The authors have declared that no competing interests exist.

Figures

**Fig 1. A schematic of tumor-microenvironment interaction.**
(Top) A signaling pathway for lung cancer. (Bottom) Network of interactions between cells involved (cancer cells, fibroblasts, Th17 cells, N1 cells, N2 cells, CD8+ T cells, Tregs) and cytokines and growth factors (EGF, IL-6, IL-10, IL-12, MMPs, TGFβ). By convention, the kinetic interpretation of solid arrows and hammerheads in the interaction network represents induction (arrow) and inhibition (hammerhead), respectively. The module on the left and right will be represented by a module ‘C’ and ‘I’, respectively, in our simplified mathematical model. References for each interaction (number on the arrow or hammerhead) are provided in Table 1.

**Fig 2. Proposed role of N1 and N2 complexes in the regulation of tumor growth and immune-suppression in response to fluctuating TGF-β and IFN-β.**
The phenotypic balance between N1 and N2 complexes determines tumor growth or suppression in response to TGF-β (red triangle on the left) and IFN-β (blue triangle on the left). (A) High TGF-β levels and low IFN-β activities induce Treg infiltration which in turn leads to biochemical suppression of the overall anti-tumor immune activities of T cells. TGF-β also modifies the tumor microenvironment by transforming N1 into N2 TANs [8, 34] while IFN-β brings the N2 phenotype back to the N1 phenotype [8]. This N2-dominant microenvironment leads to enhanced tumor growth. (B) Low TGF-β levels and upregulation of IFN-β reduce the phenotypical transition from N1 to N2 TANs and leads to upregulation of immune activities of T cells and N1 TANs, leading to suppression of tumor growth. Schematic components of the N2/Th17/Treg complex and the N1/IL12/CD8+ complex are represented by modules ‘C’ (box with the red dotted line) and ‘I’ (box with the blue dotted line) in our theoretical framework. Blue arrows on the right indicate the switching behavior between a tumor-promoting mode in (A) and the tumor-suppressive state in (B) in response to fluctuating TGF-β and IFN-β levels.
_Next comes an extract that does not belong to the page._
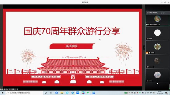 今年正值中华人民共和国建国71周年,为贯彻落实习近平同志在全国高校思想政治工作会议上的重要讲话精神,切实加强学校思想政治工作的开展力度与深度,引导学生认识和把握中国特色社会主义的历史必然性,树立为共产主义远大理想和中国特色社会主义共同理想而奋斗的信念和信心,2020年10月8日,皇冠网址 国庆宣讲交流会顺利举办。根据疫情常态化防控要求,本次宣讲交流会采取线上的形式举办。会议由2020级学生徐张弛主持,皇冠网址 2020级辅导员张楚翘及全体本科新生参加了本次活动。

**Fig 3. Tumor suppressive and tumor promoting roles of TGF-β and IFN-β respectively in the tumor microenvironment.**
As the CD8+ cytokines (IL-12) increase, differentiation of N cells transits to the N1 phenotype. There are three ways that IFN-β, TGF-β inhibitor, and delayed apoptotic pathways can keep the system in the safe-guard immune N1 zone. (Cases a, b) Increasing IFN-β levels induces the transition from N2 to N1-zone (case b) [–, –37]. The delayed apoptotic cell death of N2 TANs suppresses entry into the transition phase (case a). (Cases c, d) As the IL-6 level is increased (to the left), the tumor-promoting phenotype, N2, becomes dominant and TGF-β promotes the exit from the transition zone to enter the N2-zone (case c) [35]. The TGF-β inhibitor can reverse the phenotype back to the N1 microenvironment [38]. The delayed apoptotic cell death of N1 TANs suppresses entry into the transition phase (case d).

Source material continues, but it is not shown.